Data to use:
--------
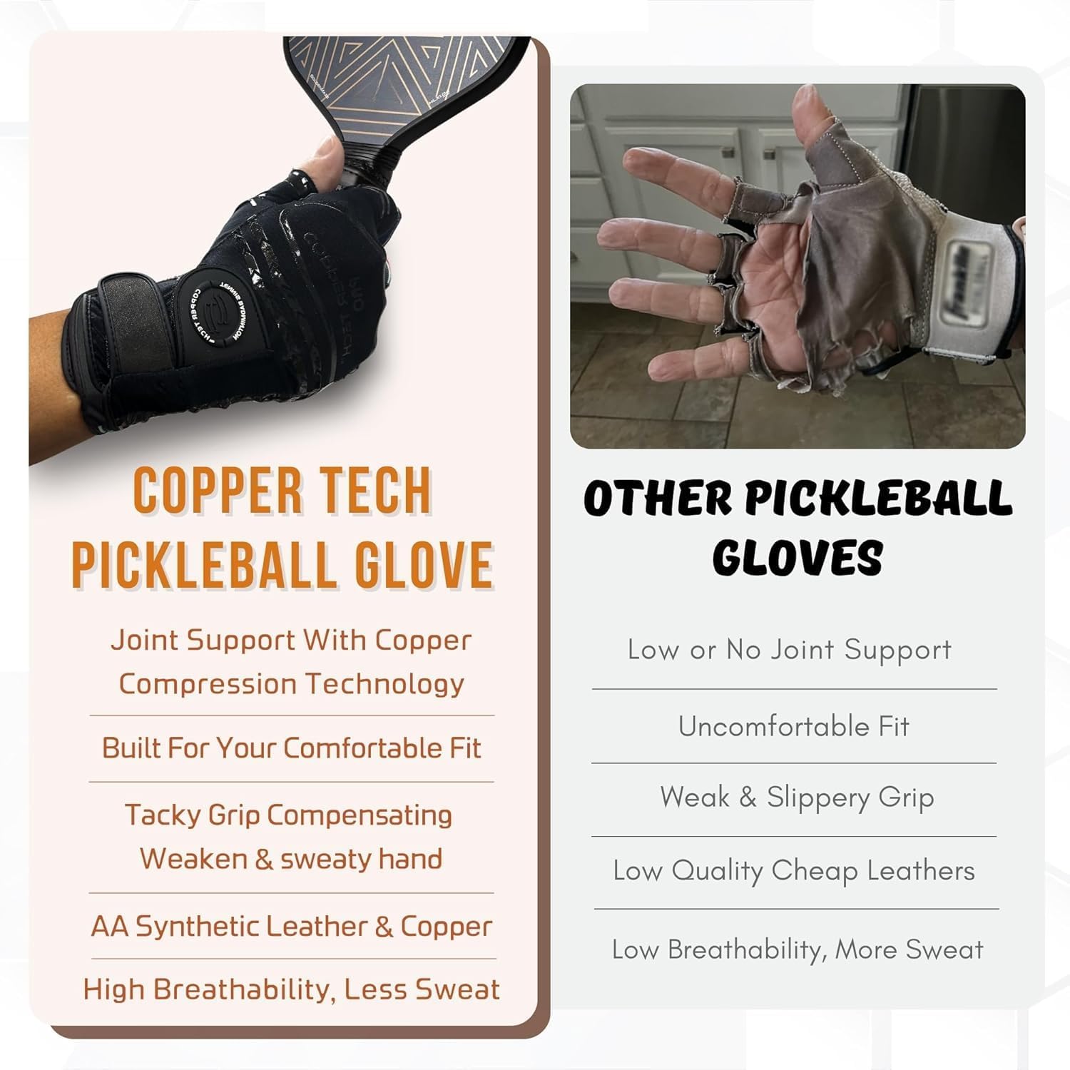 Copper Tech Pro Pickleball Gloves for Men & Women | Advanced Joint Support with Copper Compression | Built with AAA Synthetic Leather Tennis, Badminton, & Racquetball Glove
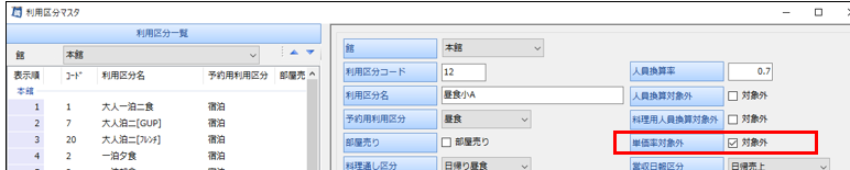 ※ 同じ小人区分でも一部単価率の反映させたくない場合は、利用区分マスタの〔単価率対象外〕に☑します。
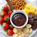 - Serve Fondue: Serve the warm chocolate fondue immediately with your favorite dippers such as fresh fruit, gluten free pretzels, animal crackers, brownies, or cake pieces.
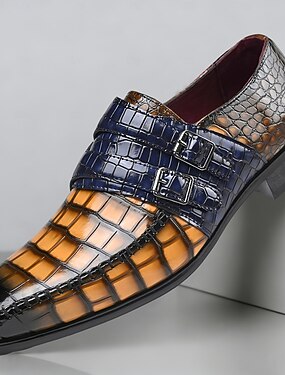 メンズ ブラウン ブルー クロコ型押し モンクストラップ ドレスシューズ ポインテッドトゥ フォーマルシューズ 結婚式、宴会、パーティー、プロム、オフィス、大胆な紳士のイブニングスタイルに最適
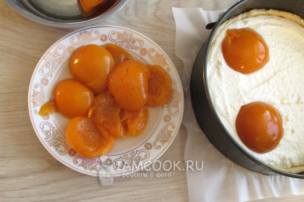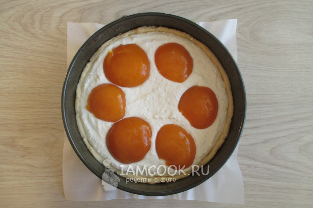 Уложите сверху половинки или ломтики консервированных персиков, немного вдавите их в начинку.
--------
Beginning with the line that holds "- Serve Fondue: Serve" and ending with the last line of the material above, extract every line exactly, pictures excluded.

Reply:
 - Serve Fondue: Serve the warm chocolate fondue immediately with your favorite dippers such as fresh fruit, gluten free pretzels, animal crackers, brownies, or cake pieces.
 メンズ ブラウン ブルー クロコ型押し モンクストラップ ドレスシューズ ポインテッドトゥ フォーマルシューズ 結婚式、宴会、パーティー、プロム、オフィス、大胆な紳士のイブニングスタイルに最適
 Уложите сверху половинки или ломтики консервированных персиков, немного вдавите их в начинку.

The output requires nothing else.